Research has shown that on average silage inoculants will result in small improvements in milk or beef production. Table 2 shows the results of a survey the author conducted in 1994. This survey considered all silages, not just corn silage. We found a small benefit in digestibility and intake. Combined, these resulted in a 2 to 10% improvement in animal performance. Since that time, it is reasonable to conclude that silage inoculants have improved, however more recent reviews of the literature still reach similar conclusions. Nevertheless, products are priced to ensure an economical return, on the average. However, in about . of cases, the additive will have no discernable effect on the silage fermentation, and about half the time they will have no effect on animal output (Table 3).
Table 2. Animal response to silage inoculants.
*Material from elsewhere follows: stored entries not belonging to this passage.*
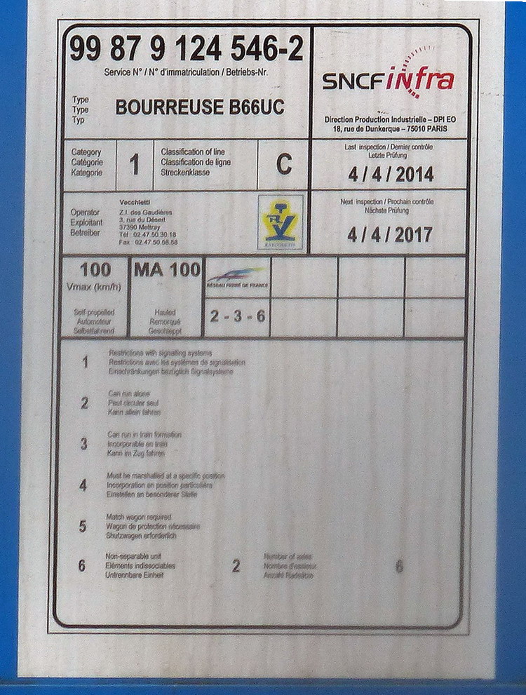 Voici une info du 16-01-2015 des ateliers de Matisa France à Sens (89) sur la 66 UC LGV avec son numéro du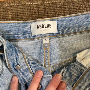 AGOLDE Riley jeans in awesome condition—worn less than 10 times. These jeans are so cute and stylish. Light wash. Perfect for day-to-day, or going out!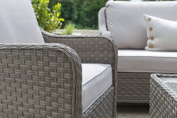 Sit outdoors or indoors and enjoy the Charlbury outdoor lounge furniture all year round. The UV resistance keeps the furniture lasting longer. Relax on luxurious, wicker conservatory furniture during the winter months and when the sun comes out it becomes patio furniture.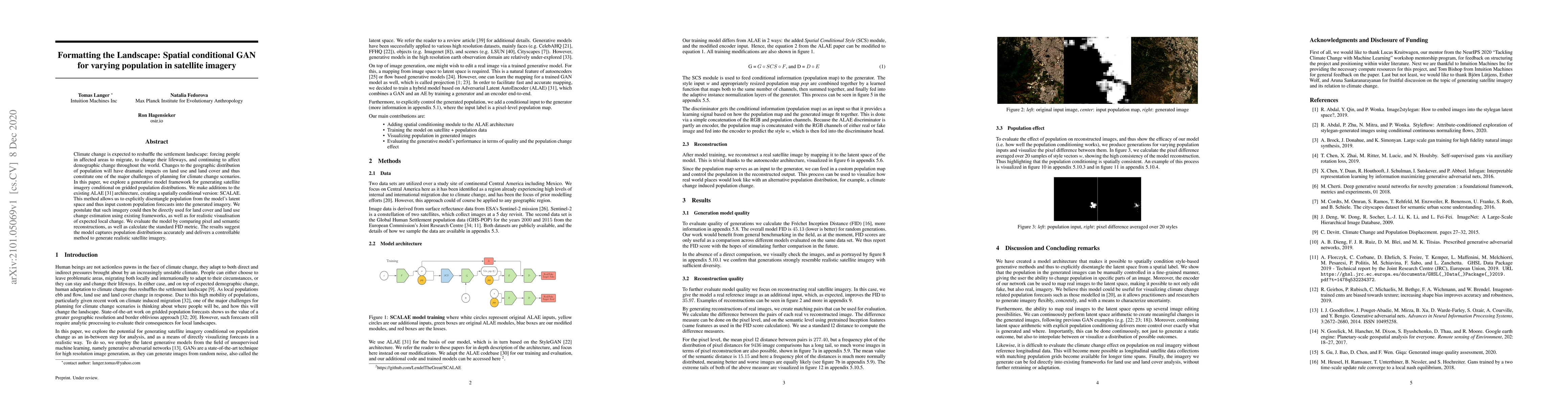 Climate change is expected to reshuffle the settlement landscape: forcing people in affected areas to migrate, to change their lifeways, and continuing to affect demographic change throughout the world. Changes to the geographic distribution of population will have dramatic impacts on land use and land cover and thus constitute one of the major challenges of planning for climate change scenarios. In this paper, we explore a generative model framework for generating satellite imagery conditional on gridded population distributions. We make additions to the existing ALAE architecture, creating a spatially conditional version: SCALAE. This method allows us to explicitly disentangle population from the model's latent space and thus input custom population forecasts into the generated imagery. We postulate that such imagery could then be directly used for land cover and land use change estimation using existing frameworks, as well as for realistic visualisation of expected local change. We evaluate the model by comparing pixel and semantic reconstructions, as well as calculate the standard FID metric. The results suggest the model captures population distributions accurately and delivers a controllable method to generate realistic satellite imagery.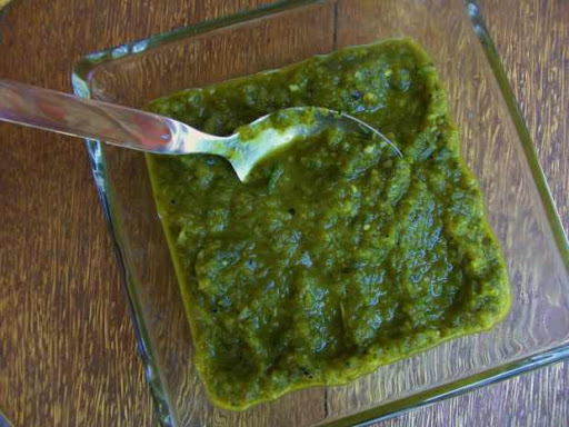 Heat oil in skillet. When hot, add contents of blender and cook for 5 minutes over medium heat, stirring occasionally. The salsa will thicken as it cooks, and may need more water added for a thin sauce consistency. Adjust salt. This makes a very fresh tasting, very green salsa.
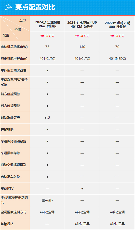 具体到车辆配置层面,我们挑选了售价尽可能相近的车型。通过对比来看,宝骏悦也Plus有着巨大优势,尤其是在智驾方面。相较其余两款车型而言,宝骏悦也Plus不仅支持L2级驾驶辅助,还拥有诸多驾驶功能,行车便利性进一步提升。此外,宝骏悦也Plus还拥有主驾驶座电动调节功能。总的来看,虽然宝骏悦也Plus在车型数量上不占优势,且没有提供补胎工具,但对于追求科技感的消费者而言,其性价比可谓相当之高。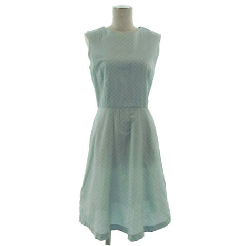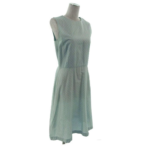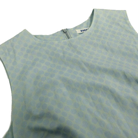 ズッカ zucca ワンピース ノースリーブ ミディ丈 コットン混 ドット グリーン系 緑系 ブルー系 青系 M レディース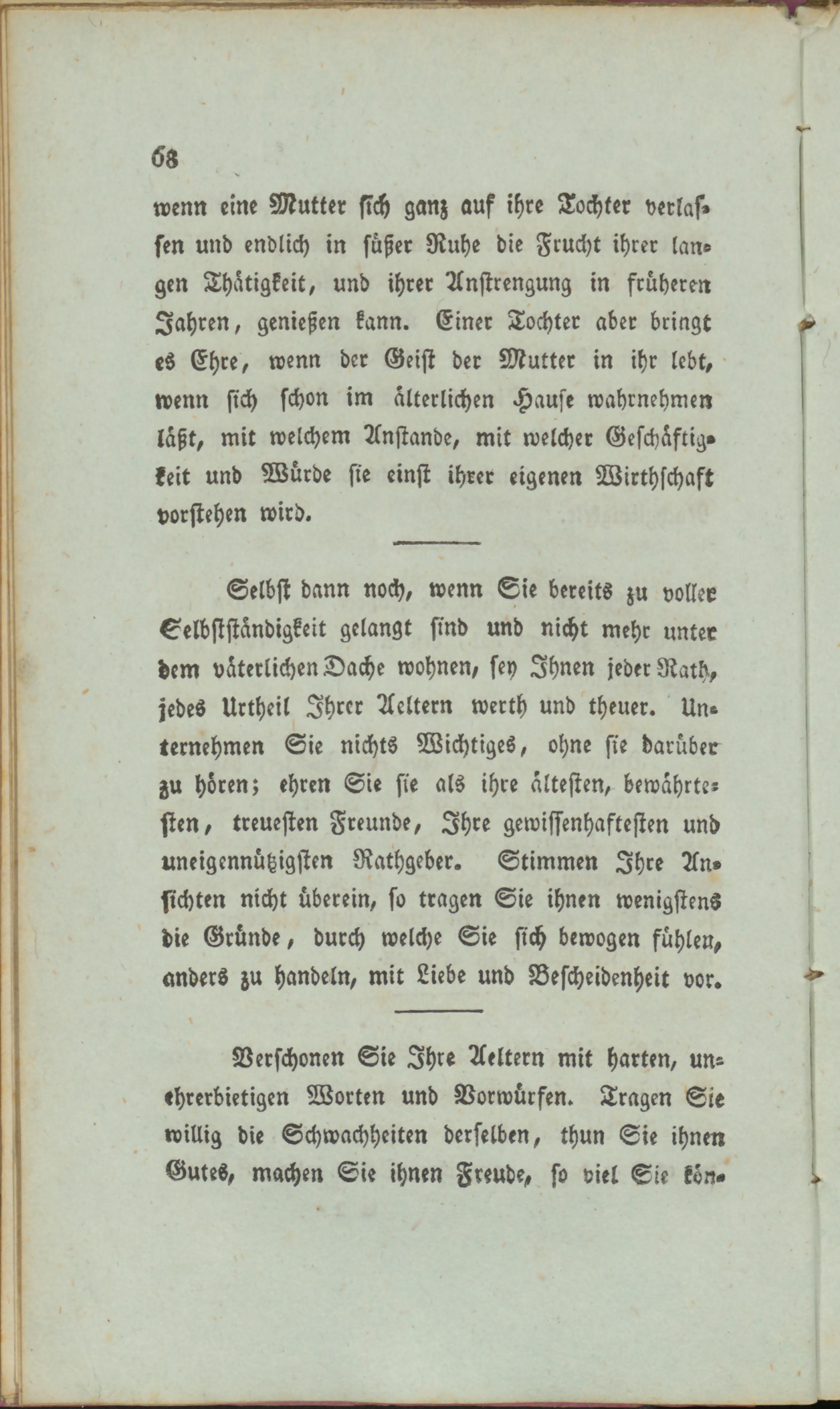 wenn eine Mutter sich ganz auf ihre Tochter verlassen und endlich in süßer Ruhe die Frucht ihrer langen Thätigkeit, und ihrer Anstrengung in früheren Jahren, genießen kann. Einer Tochter aber bringt es Ehre, wenn der Geist der Mutter in ihr lebt, wenn sich schon im alterlichen Hause wahrnehmen läßt, mit welchem Anstande, mit welcher Geschäftigkeit und Würde sie einst ihrer eigenen Wirthschaft vorstehen wird.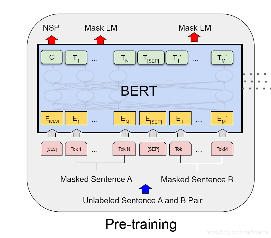 对BERT进行预训练。作为代替,我们使用本节中描述的两个非监督任务对BERT进行预训练。此步骤展示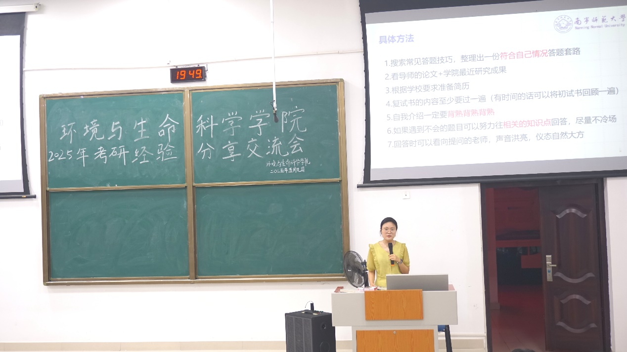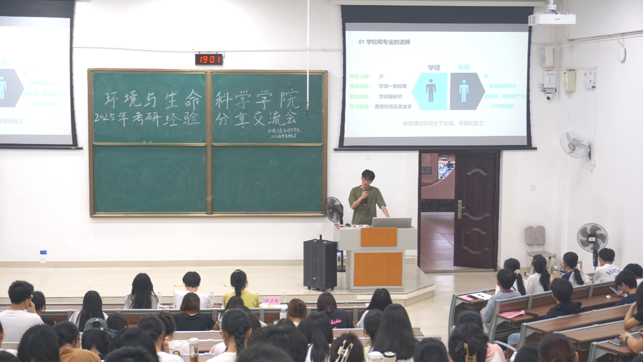 考研经验分享会在地海楼B-109教室举行。四位2021级考研成功学子结合各自考研经历,为备考学子提供了全方位指导。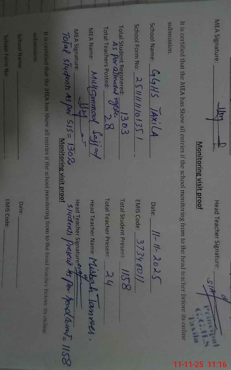 | EMIS Code: 37340011 | Name of School: GGHS TAXILA | |||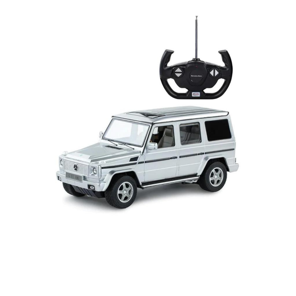 Voiture RC Mercedes‑Benz G55 AMG 1:14, en gris métallisé, télécommande 2,4 GHz, feux LED avant/arrière, suspension indépendante, pneus en caoutchouc. Vitesse jusqu’à 12 km/h, portée ~30 m, prête à l’emploi (5+2 piles AA), idéale dès 6 ans.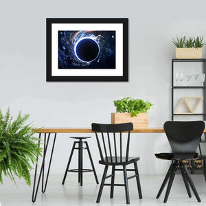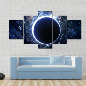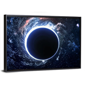 Explore the mysterious depths of the cosmos with this abstract canvas featuring a striking black hole, glowing accretion disk, and a starry background. Its modern design and bold color palette of black, blue, white, and red evoke a sense of awe and wonder.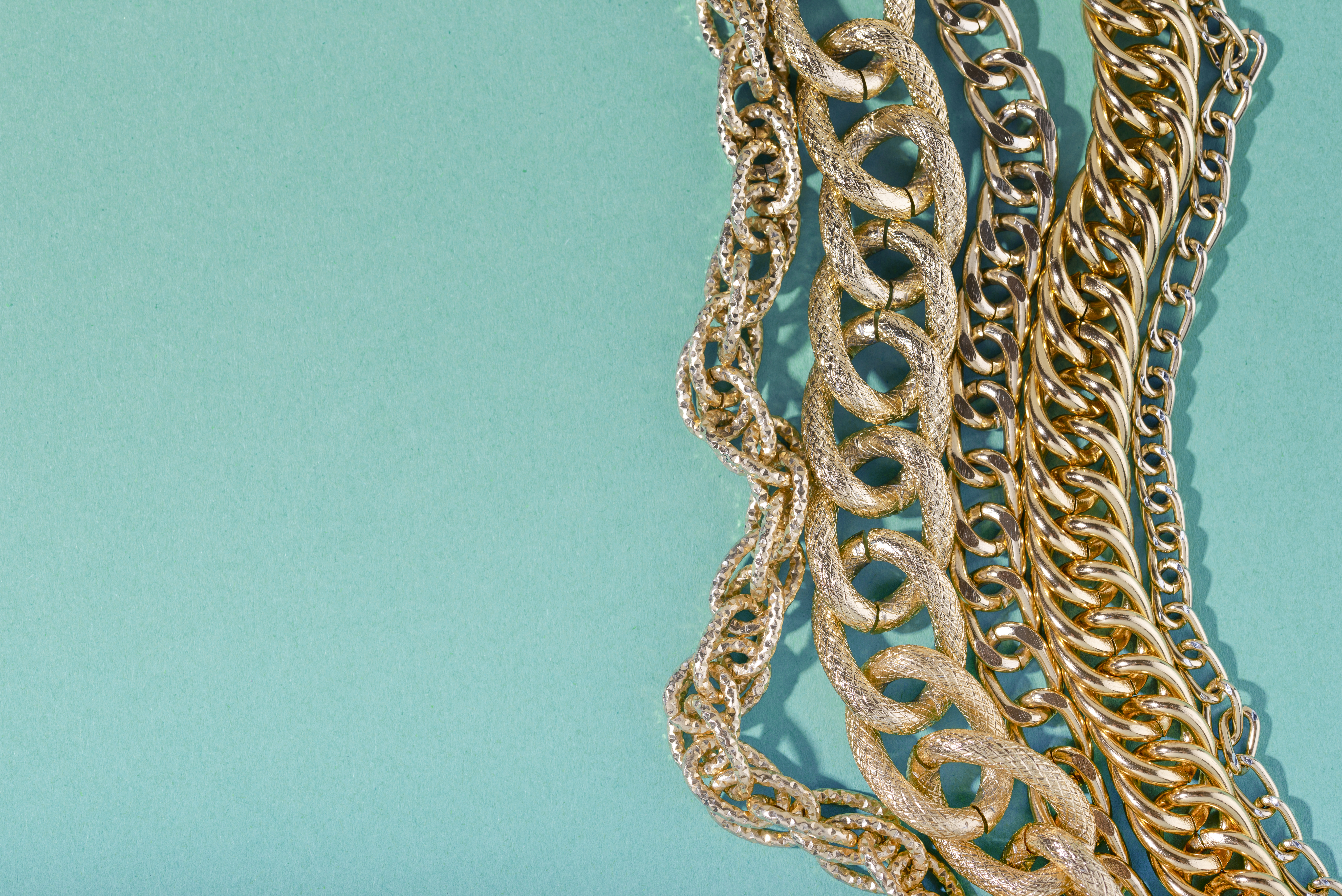 - chaînes, bagues sans valeur particulière, bijoux usés.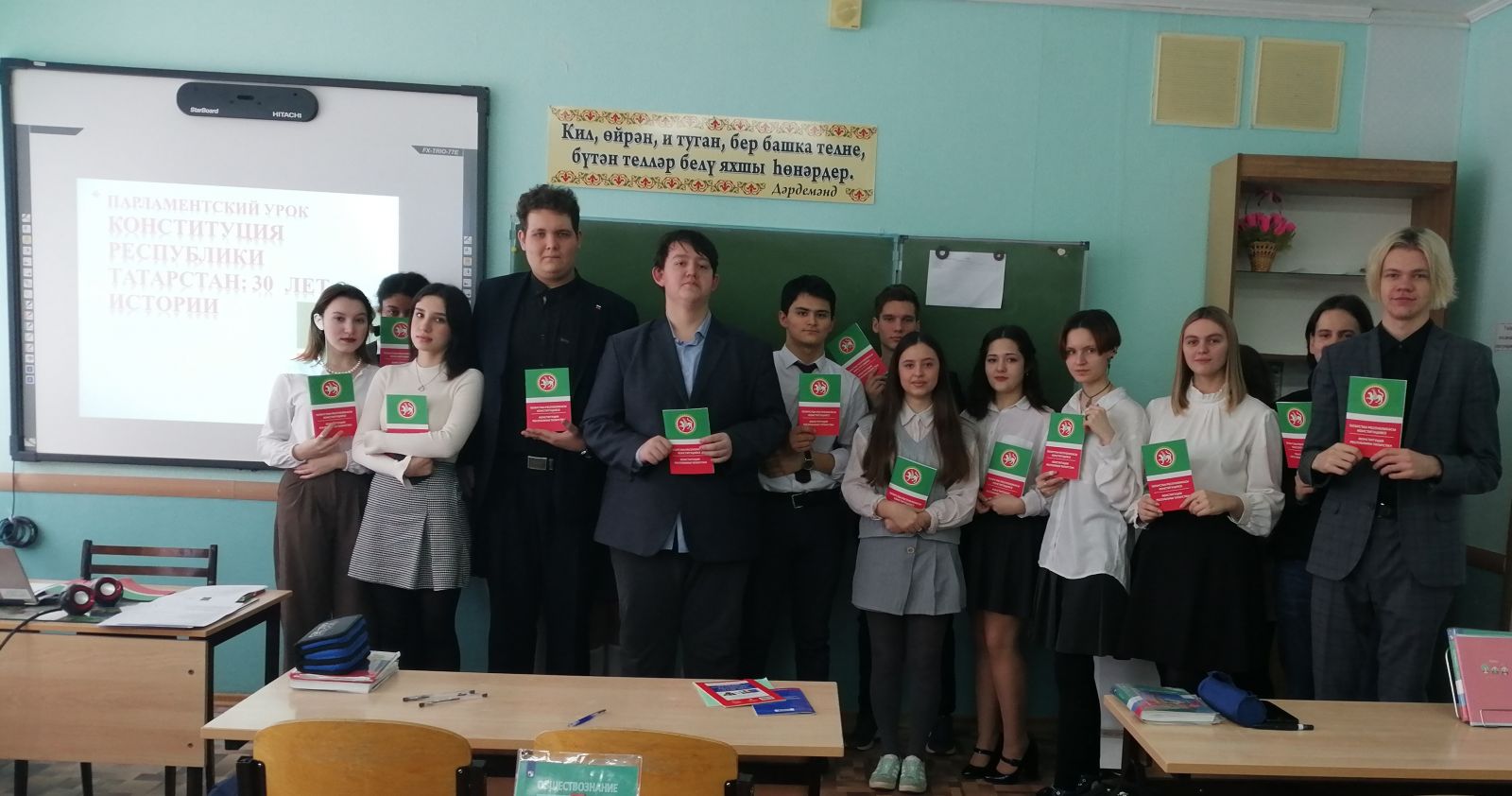 8 февраля в рамках муниципальной недели «История в школе», в 11 классе был проведен Парламентский урок, посвященный 30 – летию со дня принятия Конституции Республики Татарстан на тему: «Я – гражданин! Мои права и обязанности». Выпускники вспомнили краткую историю Республики Татарстан, ее культуру, современные достижения, просмотрев видеофильм, а затем в форме брейн-ринга ответили на вопросы, изучая источник - Конституцию Республики Татарстан. Мероприятие носило соревновательный дух. Цель данного мероприятия: воспитание правовой грамотности обучающихся, формирование коммуникативных умений школьников, ценностное осмысление роли Конституции – главного правового документа.

Results of a survey by the author (1994).
Table. 3. Animal response to silage inoculants. Results of a survey by Kung and Muck (1990 to 1995)
More recent commercial additives usually contain a cocktail of microbial strains and types. By providing a complex mixture, manufacturers claim better success. Some bacteria, such as Streptococcus or Pediococcus, will be active very early on in the fermentation, when the pH is still quite high and there is still some oxygen in the system. Others, like the Lactobacilli, will play a longer term role, continuing to reduce the pH once the “starter bacteria” have died off. However, single strain inoculants can still be very effective. In choosing an inoculant, the buyer should look for products that are from a recognizable company and have a proven track record. Generally, these have been vigorously researched and newer, more effective strains are continually being developed. Products with complicated formulations may not be any better and even if the bacterial name is the same in two different products, the strain will probably not be. Just as all Holstein cows are not created equal, neither are all strains of Lactobacillus.
Additives manufactured specifically for corn silages often contain enzymes as well as microbial inoculants. Corn silage contains a large proportion of starch, as a result of having a high grain component. By adding amylase enzyme that can convert starch to sugar, the expectation is that this will improve fermentation. While this approach may give some added benefit, the evidence for this is not strong. Given that corn silage already contains adequate sugars for fermentation, production of more may actually be detrimental. Additional sugar may serve as fuel for yeasts and moulds, particularly during feed-out.
Emptying the silo
i) Bunker management
As already mentioned, corn silage is susceptible to heating and spoilage during feed-out. So one of the main goals of bunk management is to work to reduce the opportunity for heating at every stage of the operation. The silo, whether tower or bunker, should be designed such that enough silage is removed each day to keep the face moving back at least 4 to 6 inches a day, on average. The more susceptible a silage is to deterioration, the faster it should be removed from the silo. The following steps are recommended when emptying the silo:
- Minimizing disturbance to the silo face is essential. This prevents air getting further into the silage. Silage cutters (also known as shear grabs or block cutters) are an excellent tool for reducing waste at feed-out. They should however be well maintained to ensure it cuts and doesn’t tear.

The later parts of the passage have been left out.